Ignorance of the location or inaccessible locations of lifestages can impede the study and management of species. We used stable isotopes of carbon and nitrogen to identify the habitats and diets and to estimate the duration of a ‘missing’ lifestage: the early juvenile stage of the green turtle, Chelonia mydas. Stable isotopes in scute from young herbivorous green turtles in shallow-water habitats revealed that they spend 3–5 years as carnivores in oceanic habitats before making a rapid ontogenetic shift in diet and habitat. Stable isotopes in persistent and continuously growing tissues, such as some fish scales, bird bills and claws and mammal hair and claws, can be used to evaluate the ecology of inaccessible lifestages.

Individual specialists in a generalist population: results from a long-term stable isotope series.

Individual variation in resource use has often been ignored in ecological studies, but closer examination of individual patterns through time may reveal significant intrapopulation differences. Adult loggerhead sea turtles (Caretta caretta) are generalist carnivores with a wide geographical range, resulting in a broad isotopic niche. We microsampled scute, a persistent and continuously growing tissue, to examine long-term variation in resource use (up to 12 years) in 15 nesting loggerhead turtles. Using stable isotopes of nitrogen and carbon, we examined the resource use patterns (integration of diet, habitat and geographical location) and demonstrate that individual loggerheads are long-term specialists within a generalist population. We present our results in the context of a conceptual model comparing isotopic niches in specialist and generalist populations. Individual consistency may have important ecological, evolutionary and conservation consequences, such as the reduction of intraspecific competition.
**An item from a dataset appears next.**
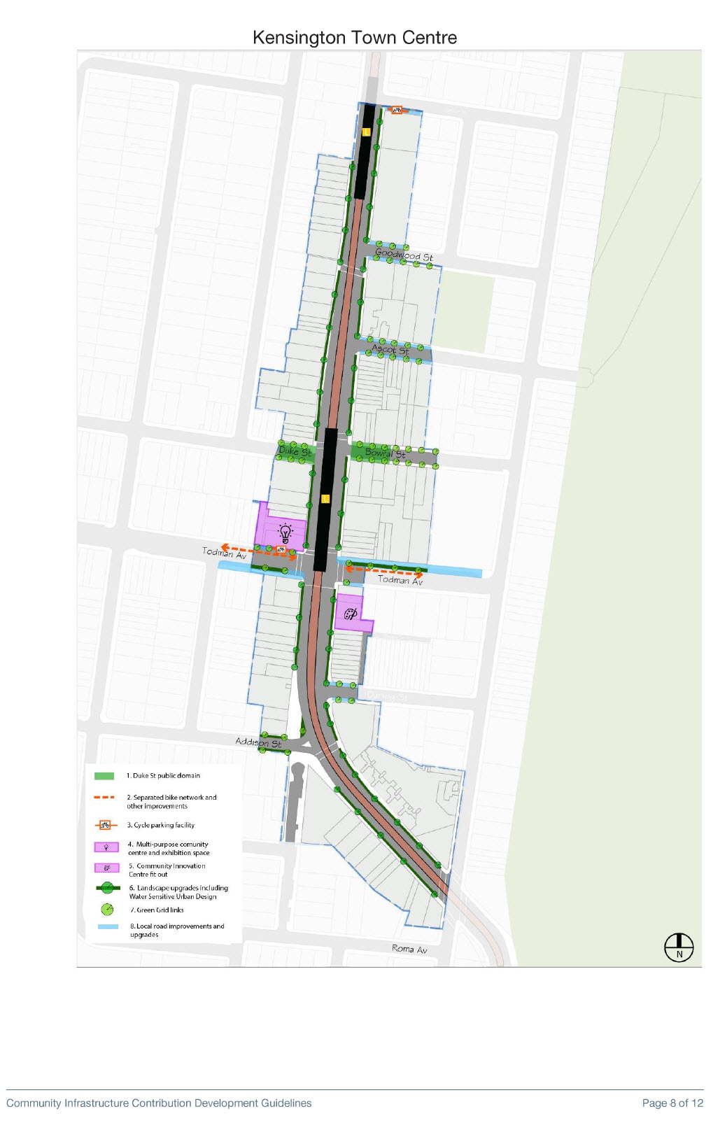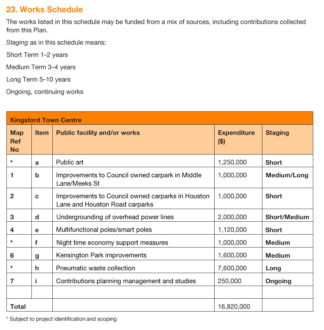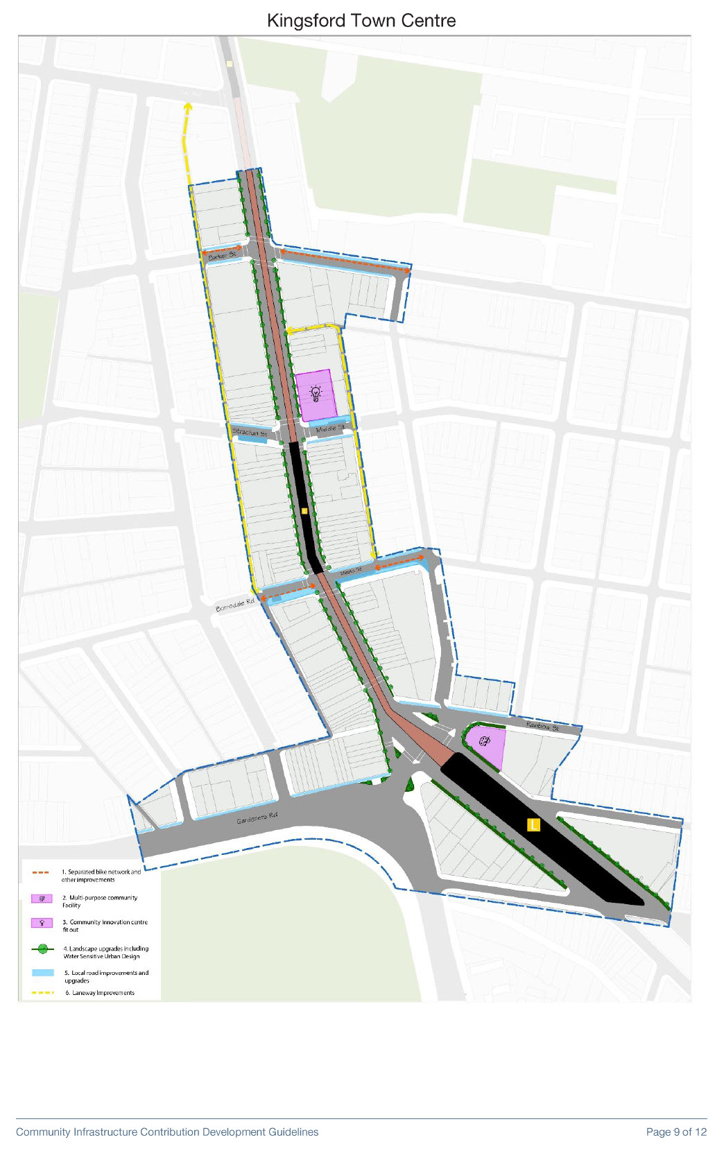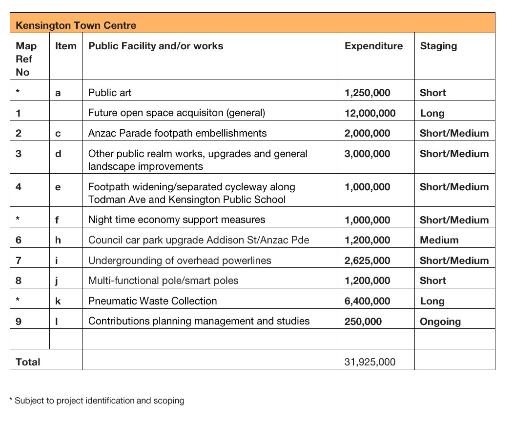 Appendix 3b: Kensington and Kingsford Town Centres – Community Infrastructure Contribution – Development Guidelines outlines how Community Infrastructure is to be delivered as part of the renewal of the Kensington and Kingsford town centres.

Effects of Preservation Method on Stable Carbon and Nitrogen Isotope Values

Some methods of tissue preservation have significant effects on values of stable isotopes of carbon (δ13C) and nitrogen (δ15N), but studies on this topic are scattered in the literature. The goals of this study were to (1) summarize the results from studies of preservation effects in the literature and (2) test the effects of four common preservatives on δ13C and δ15N in epidermis tissue of three turtle species. Turtle tissue samples were subjected to up to five time intervals in five methods of preservation: drying at 60°C for 24 h (the control), immersion in a 70% ethanol solution, immersion in a saturated NaCl aqueous solution, freezing at −10°C in a frost‐free freezer, and immersion in a dimethyl sulfoxide (DMSO)–ethylenediaminetetraacetic acid buffer. The δ13C and δ15N values for tissues preserved in 70% ethanol and NaCl aqueous solution were not significantly different from those of tissues dried at 60°C, but samples preserved in DMSO were significantly different from dried samples. Freezing preservation had a significant effect on δ13C and δ15N at 60 d, which may have resulted from the use of a frost‐free freezer. The effects of 20 different preservative methods on δ13C and δ15N in different tissues are summarized.
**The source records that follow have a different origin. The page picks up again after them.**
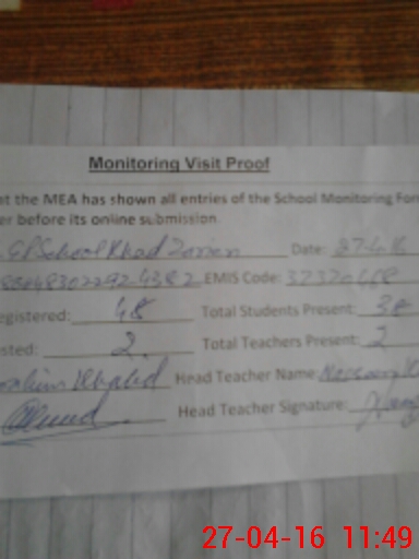 | Attendance Register | Head Teacher | MEA with School | Visit Proof |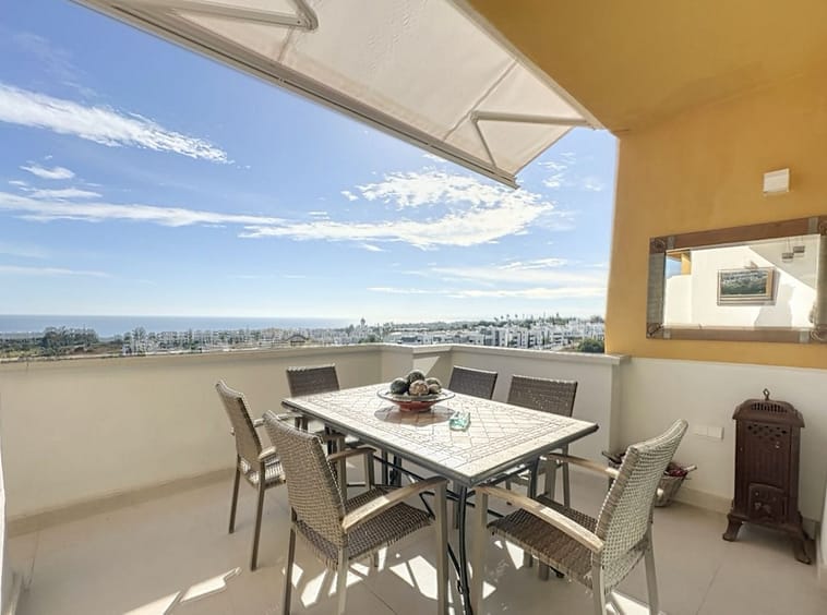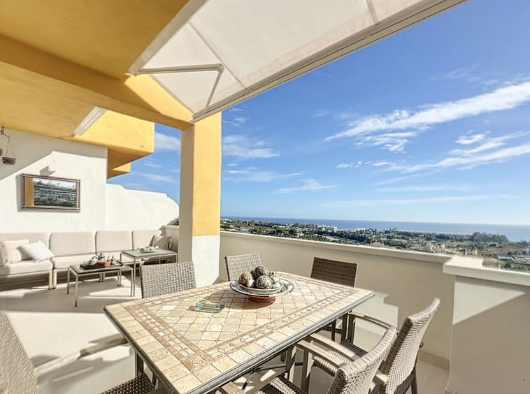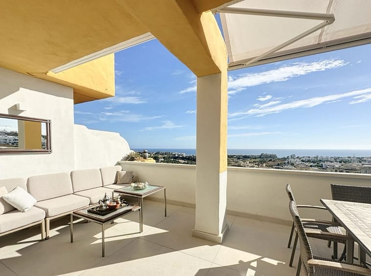 The **main terrace**, spacious and perfectly south-facing, features a **large electric parasol**, allowing you to adjust the shade effortlessly. It is ideal for enjoying breakfast with sea views or dining outdoors while taking advantage of the Costa del Sol’s exceptional climate.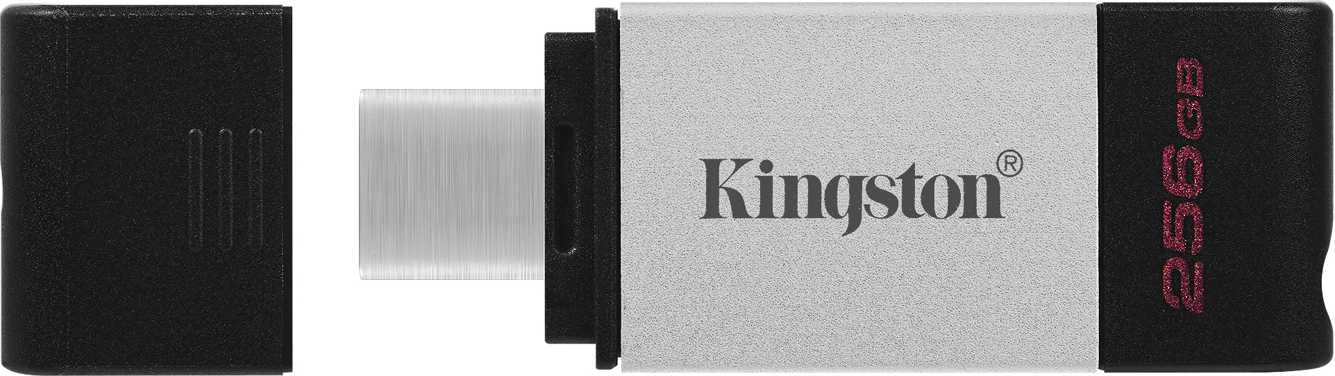 Almacenamiento portátil de alta velocidad para toda clase de dispositivos Tipo C\n\nDataTraveler® 80 de Kingston es una unidad Flash USB de alto rendimiento compatible con equipos de sobremesa, portátiles, teléfonos inteligentes y tabletas Tipo C sin necesidad de adaptador. Con velocidades de transferencia extremadamente rápidas —200 MB/s en lectura y 60 MB/s en escritura**—, la unidad DataTraveler® 80 posibilita transferencias de archivos rápidas y convenientes. Por su diseño compacto con capuchón, con una resistente carcasa y llavero, es ideal para el almacenamiento portátil.\n\n- Diseñada para el uso con dispositivos USB-C\n- Velocidades de hasta 200 MB/s en lectura**\n- Resistente y ligera\n- Capacidades de hasta 256 GB*\n\n*Algunas de las capacidades enumeradas en un dispositivo de almacenamiento Flash se emplean para formatear y otras funciones, por lo cual no están disponibles para el almacenamiento de datos. Por este motivo, la capacidad real de almacenamiento de datos es inferior a la indicada en los productos. Consulte información más detallada en la Guía de memoria Flash de Kingston, en kingston.com/flashguide.\n** La velocidad puede variar en función de las características del equipo huésped, de los programas y del uso.

Assignment of nesting loggerhead turtles to their foraging areas in the Northwest Atlantic using stable isotopes

Differential foraging area use can affect population demographics of highly migratory fauna because of differential environmental changes and anthropogenic threats among those areas. Thus, identification of foraging areas is vital for the development of effective management strategies for endangered migratory species. In this study, we assigned 375 loggerhead turtles (Caretta caretta) nesting at six locations along the east coast of the United States to their foraging areas in the Northwest Atlantic (NWA) using carbon and nitrogen stable isotope values (δ13C and δ15N). We first evaluated the epidermis δ13C and δ15N values from 60 adult loggerheads with known foraging grounds. Twenty-two females from 6 nesting beaches and 23 males from one breeding area were tracked with satellite transmitters to identify their foraging locations following breeding, and 15 adult turtles were sampled at one foraging ground. Significant trends were observed between both δ13C and δ15N values of satellite-tracked loggerheads and the latitude of the foraging grounds to which the turtles migrated, reflecting a geographic pattern in the stable isotope values. Both δ13C and δ15N values characterized three geographic areas—with distinct abiotic and biotic features—used by adult loggerheads in the NWA. Discriminant analysis assigned all 375 female loggerheads to one of the three foraging areas; 91% were assigned with probabilities of ≥80%. The proportion of nesting turtles using each foraging ground varied geographically; most turtles nesting in northern beaches (72–80%) tend to forage at higher latitudes while most turtles nesting in southern beaches (46–81%) tend to forage at lower latitudes. Stable isotopes can reveal the foraging location of loggerhead turtles in the NWA, which will allow robust analyses of foraging ground effects on demography and improve the design of management strategies for the conservation of loggerhead populations. The conclusions and methods developed in this study are also relevant for other populations of sea turtles and for other highly migratory species.

Carapace epibionts of loggerhead turtles (Caretta caretta) nesting at Canaveral National Seashore, Florida

A survey of the epibionts inhabiting the carapace of loggerhead sea turtles Caretta caretta (Linnaeus) nesting on Canaveral National Seashore, Florida was conducted from 2003–2004. Epibionts were sampled and identified to the lowest taxonomic level possible. Eleven newly documented epibiont species were observed from 52 individual loggerheads. We present the first records of sea urchins as loggerhead epibionts. Data are presented on the behavioural, physical, and ecological characteristics of some of these newly documented species to understand better the relationship between loggerhead turtles and their epibiota.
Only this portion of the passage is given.